> **Task prompt**: Please set down only the lines below starting with the line with "Granatowy Welurowy Komplet" and going on through the line with "So when Miss", verbatim and without pictures.

> **Task material**:
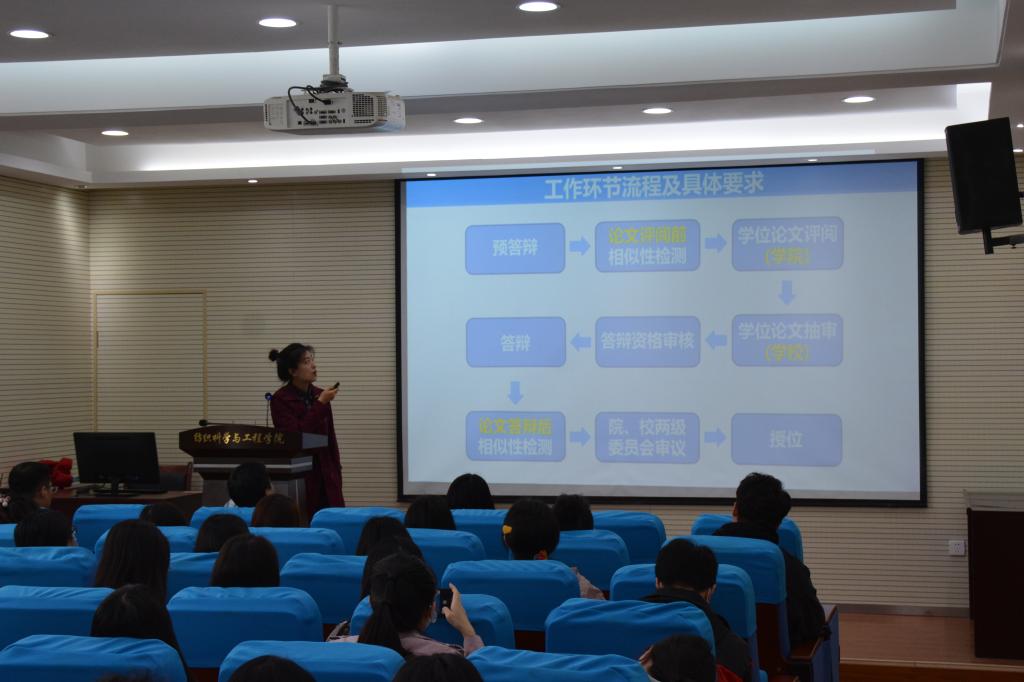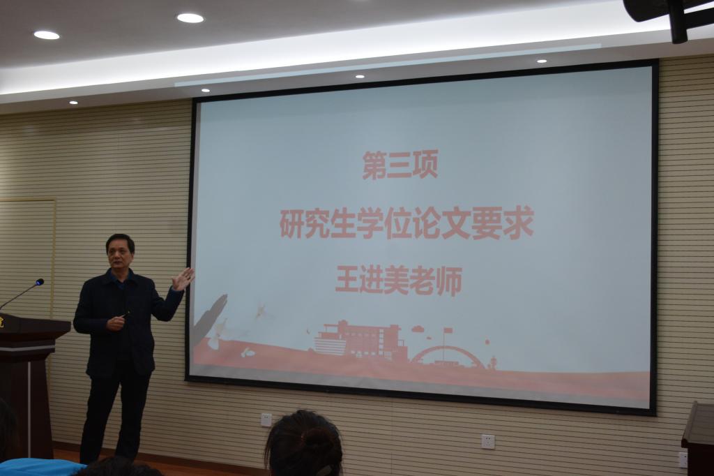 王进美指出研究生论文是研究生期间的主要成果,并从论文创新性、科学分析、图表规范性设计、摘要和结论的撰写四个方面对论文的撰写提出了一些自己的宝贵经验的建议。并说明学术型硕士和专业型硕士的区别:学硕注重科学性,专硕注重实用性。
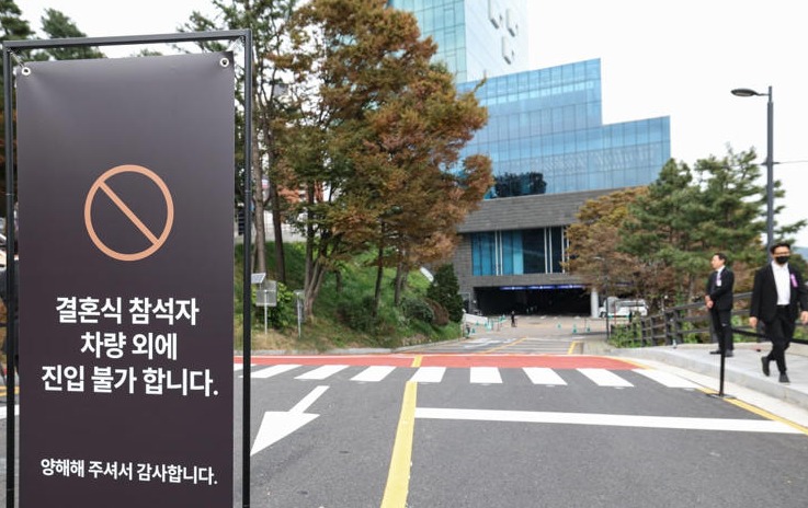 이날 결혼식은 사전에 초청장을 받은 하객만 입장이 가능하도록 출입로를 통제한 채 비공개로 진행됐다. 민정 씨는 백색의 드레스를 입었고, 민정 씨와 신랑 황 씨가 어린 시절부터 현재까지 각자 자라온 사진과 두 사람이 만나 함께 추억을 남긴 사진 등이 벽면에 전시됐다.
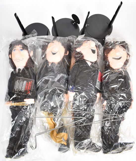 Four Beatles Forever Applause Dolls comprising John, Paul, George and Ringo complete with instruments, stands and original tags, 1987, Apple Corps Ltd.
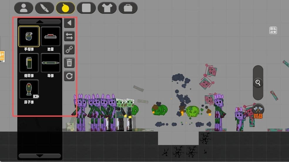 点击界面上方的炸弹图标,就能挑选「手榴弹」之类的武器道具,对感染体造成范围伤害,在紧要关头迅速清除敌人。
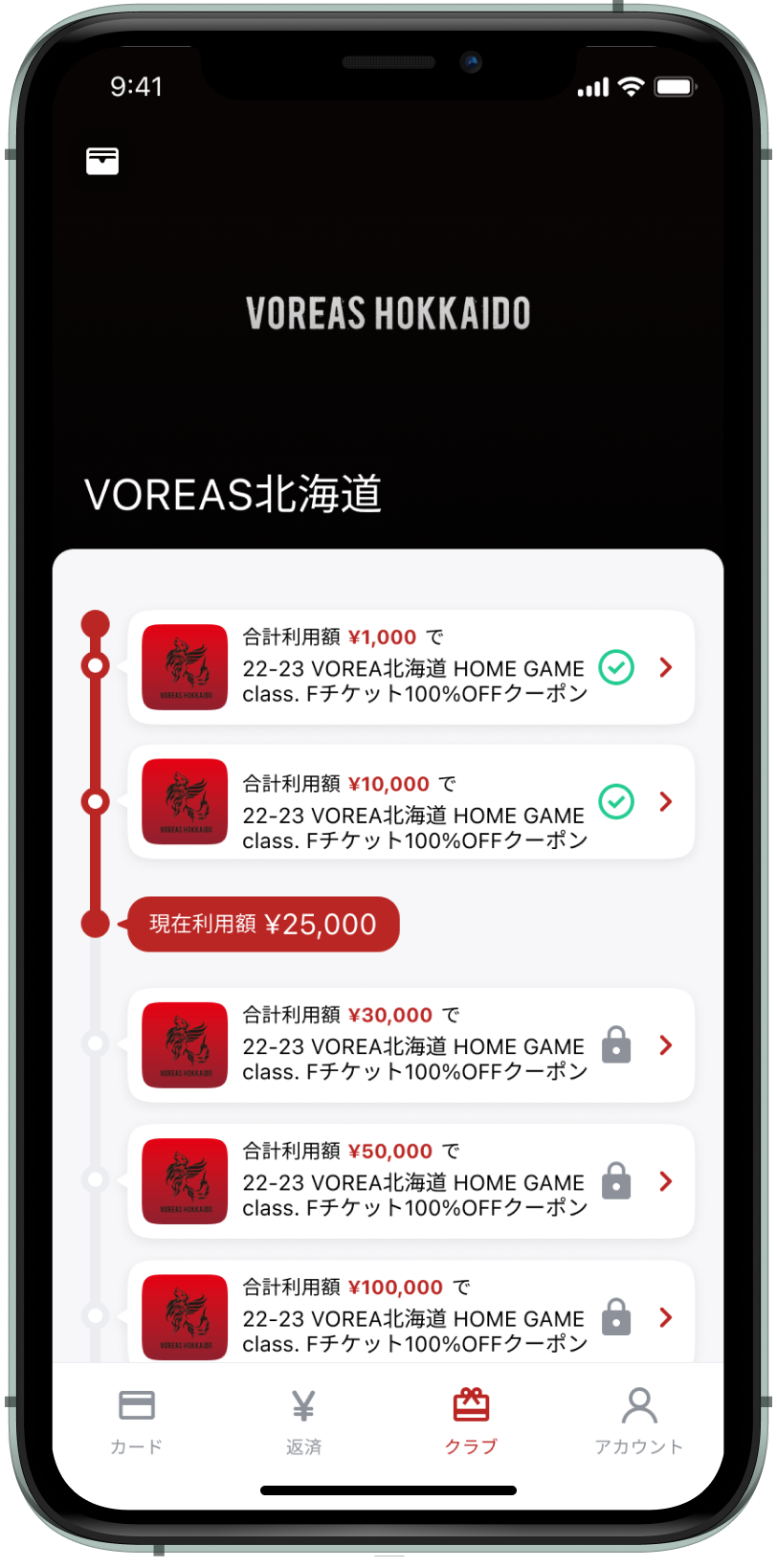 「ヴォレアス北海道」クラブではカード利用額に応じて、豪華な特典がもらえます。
---
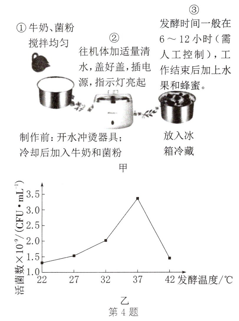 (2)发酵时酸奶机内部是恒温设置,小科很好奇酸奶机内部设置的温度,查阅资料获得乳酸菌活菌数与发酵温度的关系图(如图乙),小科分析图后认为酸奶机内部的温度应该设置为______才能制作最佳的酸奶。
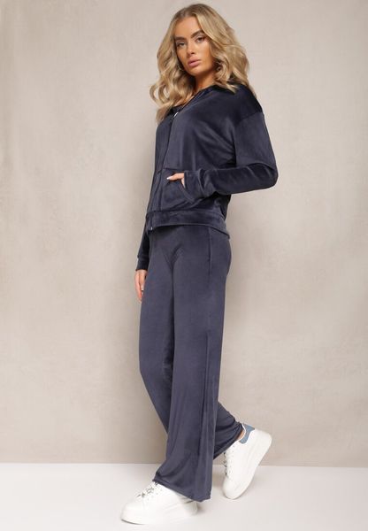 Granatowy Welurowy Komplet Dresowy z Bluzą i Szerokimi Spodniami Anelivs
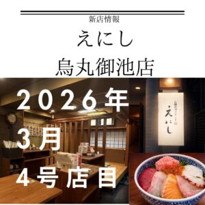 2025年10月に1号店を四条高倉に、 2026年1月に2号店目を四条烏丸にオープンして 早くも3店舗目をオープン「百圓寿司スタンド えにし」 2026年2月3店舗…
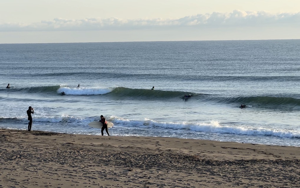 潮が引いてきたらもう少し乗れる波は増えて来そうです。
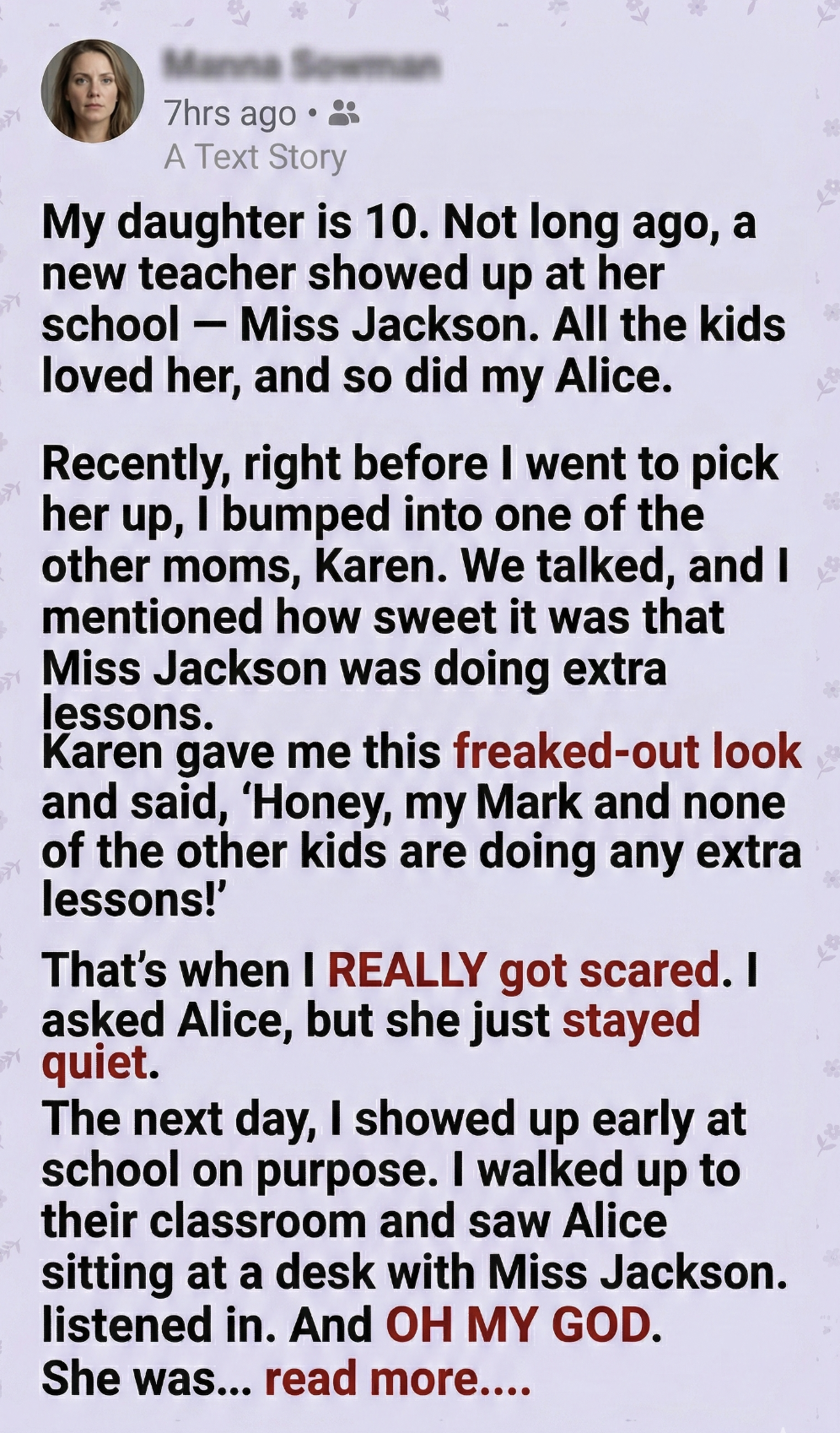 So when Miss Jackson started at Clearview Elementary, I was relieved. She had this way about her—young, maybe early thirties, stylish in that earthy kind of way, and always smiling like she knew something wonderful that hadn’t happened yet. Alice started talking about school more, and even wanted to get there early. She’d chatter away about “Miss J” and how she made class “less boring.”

> **Output below**:
 Granatowy Welurowy Komplet Dresowy z Bluzą i Szerokimi Spodniami Anelivs
 2025年10月に1号店を四条高倉に、 2026年1月に2号店目を四条烏丸にオープンして 早くも3店舗目をオープン「百圓寿司スタンド えにし」 2026年2月3店舗…
 潮が引いてきたらもう少し乗れる波は増えて来そうです。
 So when Miss Jackson started at Clearview Elementary, I was relieved. She had this way about her—young, maybe early thirties, stylish in that earthy kind of way, and always smiling like she knew something wonderful that hadn’t happened yet. Alice started talking about school more, and even wanted to get there early. She’d chatter away about “Miss J” and how she made class “less boring.”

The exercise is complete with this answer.